> **AVAILABLE DATA**
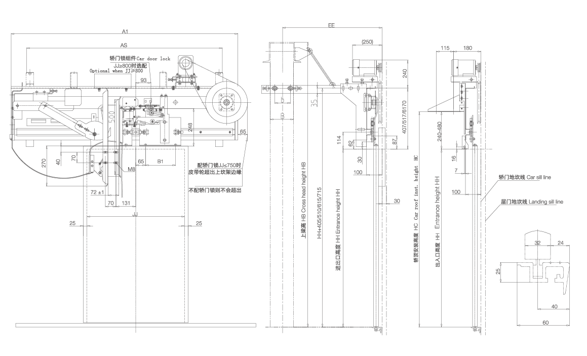 1、采用VVVF變頻控制技術(shù),06型門機配松下變頻器, A06型門機配NSFC01-01A變頻器 2、采用一級減速、同步帶傳動,運行平穩(wěn)可靠 3、采用異步門刀,轎架安裝方式和轎頂安裝方式,選配轎門鎖 4、門板重量≤200kg (轎門廳門總重量);電壓:200-250 V,50/60 Hz
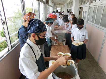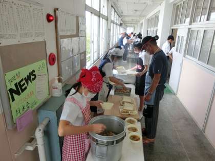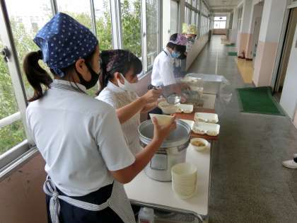 当番生徒が三角巾、エプロンをつけ、配膳を始めました。
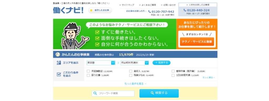 「テクノ・サービス 働くナビ!」は、製造業・工場の求人が豊富です。工場での食品加工や検査・梱包、物流・運搬などの求人をお探しの人にぴったり。
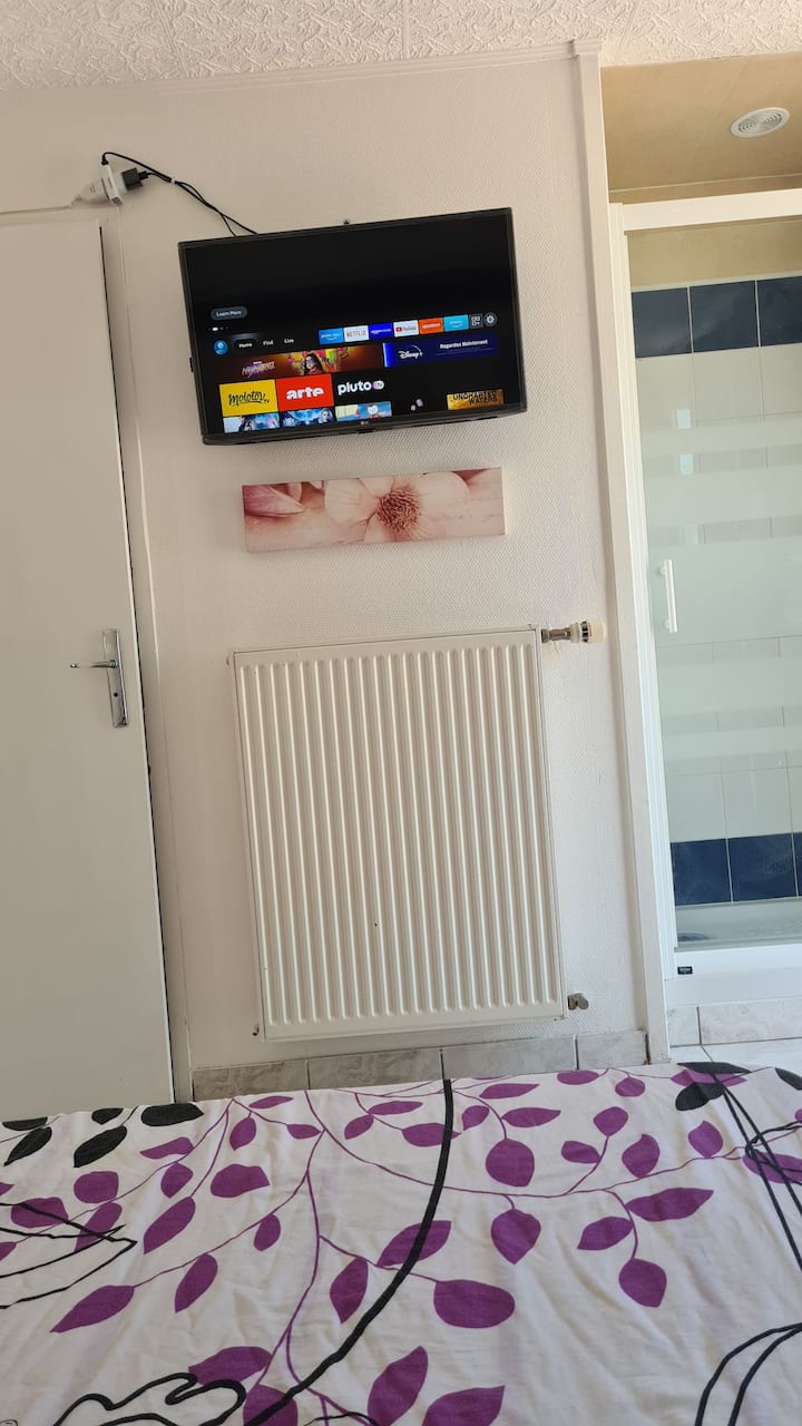Chambre confortable, av. sanitaires, parking, tv..
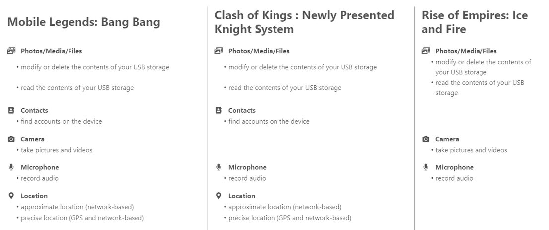 Para la investigación es muy útil la sección "Top Apps from Play Stores". Allí se encuentran listas de las principales aplicaciones o juegos, es decir, los que mayor volumen de ventas generan. Se pueden consultar los derechos exigidos por cada aplicación. De este modo se averigua enseguida, por ejemplo, que la aplicación "Mobile Legends: Bang Bang", además de otros 28 derechos, también exige el acceso al estado del teléfono y la identidad. Solo el proveedor sabe para qué.
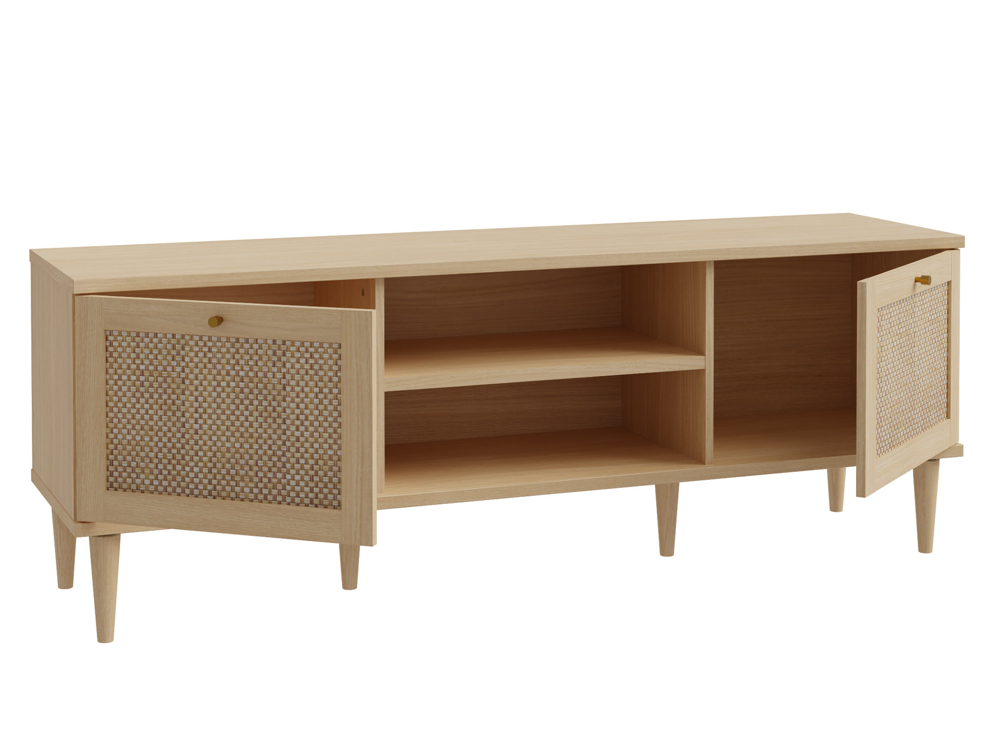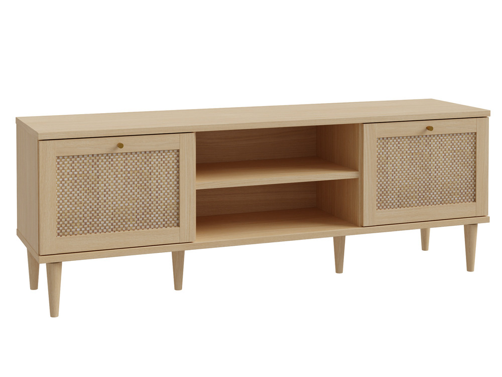 Meuble TV 2 portes en polyrotin avec fermeture en douceur.
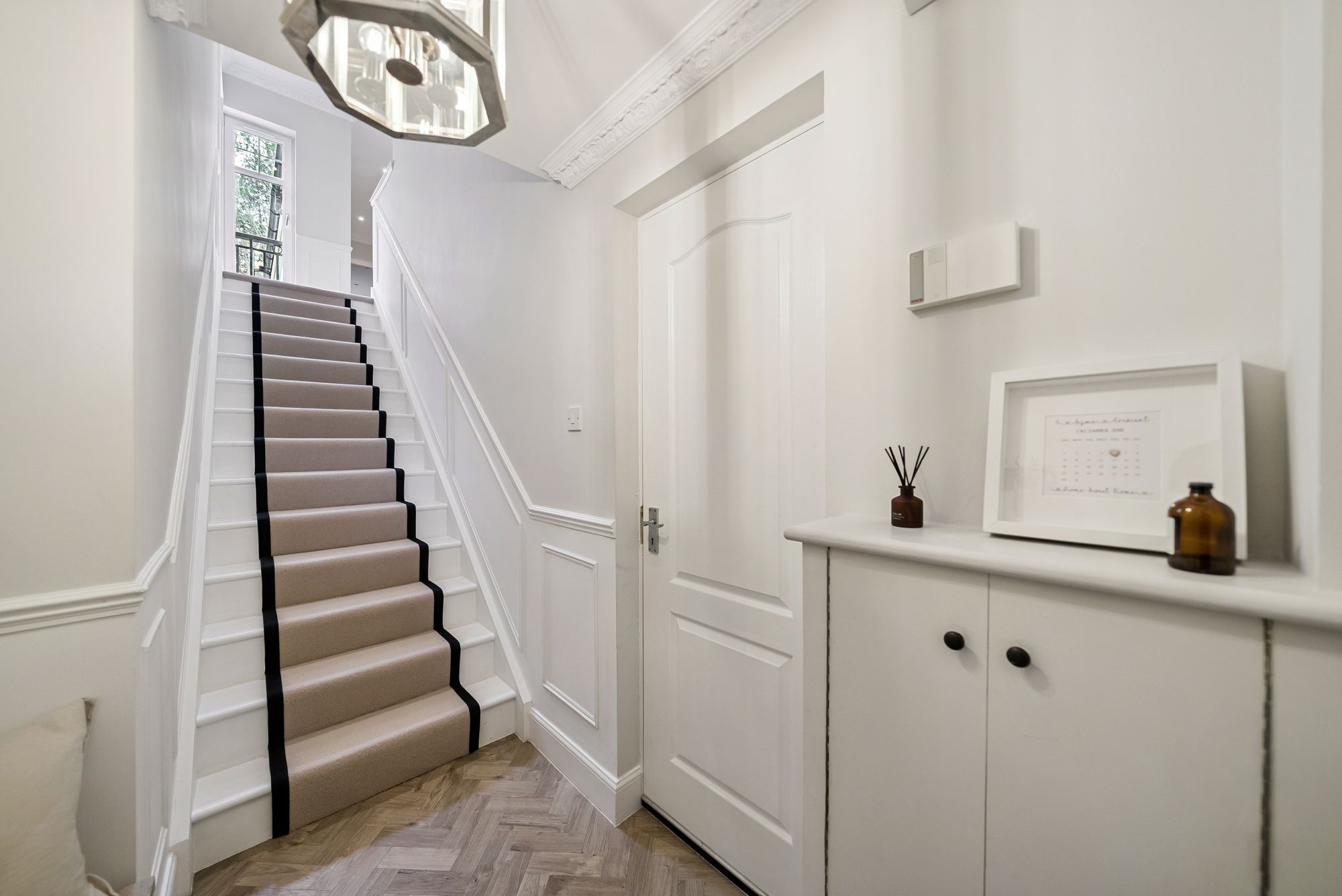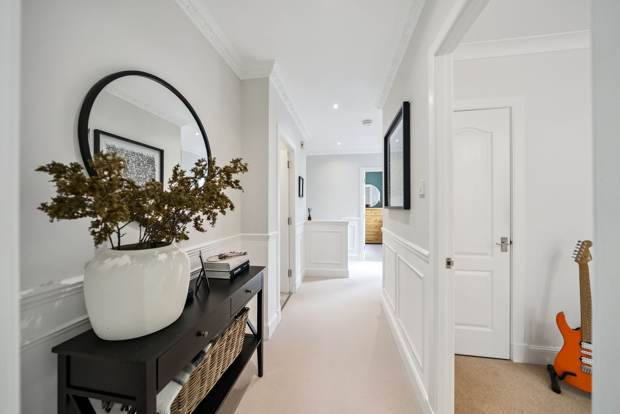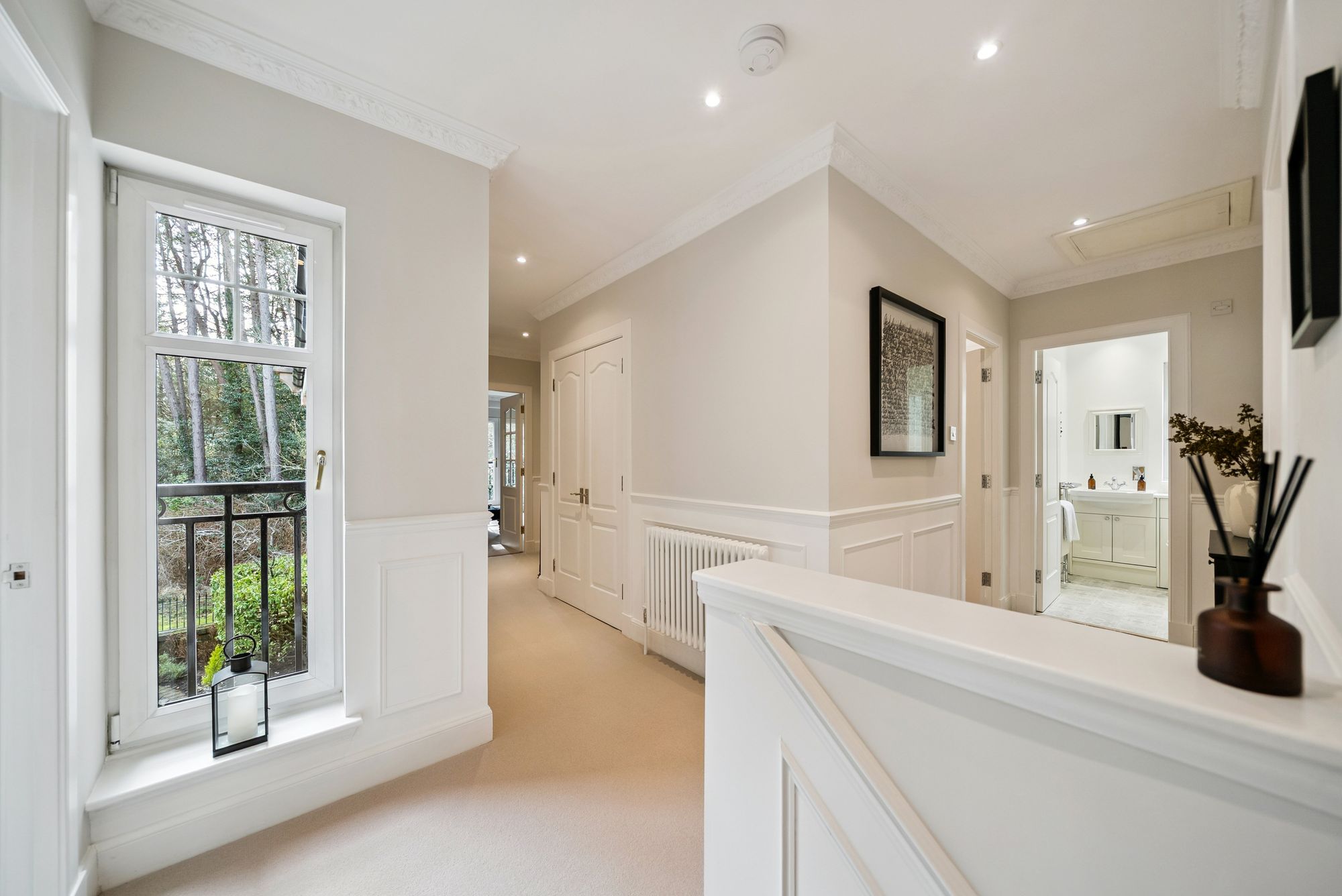 A staircase leads to a bright and spacious upper hallway, finished with plush carpeting, a designer radiator, stylish wall paneling and decorative cornicing. A generous storage cupboard is also located off the hall.

> **EXERCISE DIRECTIONS**
Every record above must be copied exactly; none of the pictures belong in the copy.

> **SOLUTION FOR THIS EXERCISE**
 1、采用VVVF變頻控制技術(shù),06型門機配松下變頻器, A06型門機配NSFC01-01A變頻器 2、采用一級減速、同步帶傳動,運行平穩(wěn)可靠 3、采用異步門刀,轎架安裝方式和轎頂安裝方式,選配轎門鎖 4、門板重量≤200kg (轎門廳門總重量);電壓:200-250 V,50/60 Hz
 当番生徒が三角巾、エプロンをつけ、配膳を始めました。
 「テクノ・サービス 働くナビ!」は、製造業・工場の求人が豊富です。工場での食品加工や検査・梱包、物流・運搬などの求人をお探しの人にぴったり。
Chambre confortable, av. sanitaires, parking, tv..
 Para la investigación es muy útil la sección "Top Apps from Play Stores". Allí se encuentran listas de las principales aplicaciones o juegos, es decir, los que mayor volumen de ventas generan. Se pueden consultar los derechos exigidos por cada aplicación. De este modo se averigua enseguida, por ejemplo, que la aplicación "Mobile Legends: Bang Bang", además de otros 28 derechos, también exige el acceso al estado del teléfono y la identidad. Solo el proveedor sabe para qué.
 Meuble TV 2 portes en polyrotin avec fermeture en douceur.
 A staircase leads to a bright and spacious upper hallway, finished with plush carpeting, a designer radiator, stylish wall paneling and decorative cornicing. A generous storage cupboard is also located off the hall.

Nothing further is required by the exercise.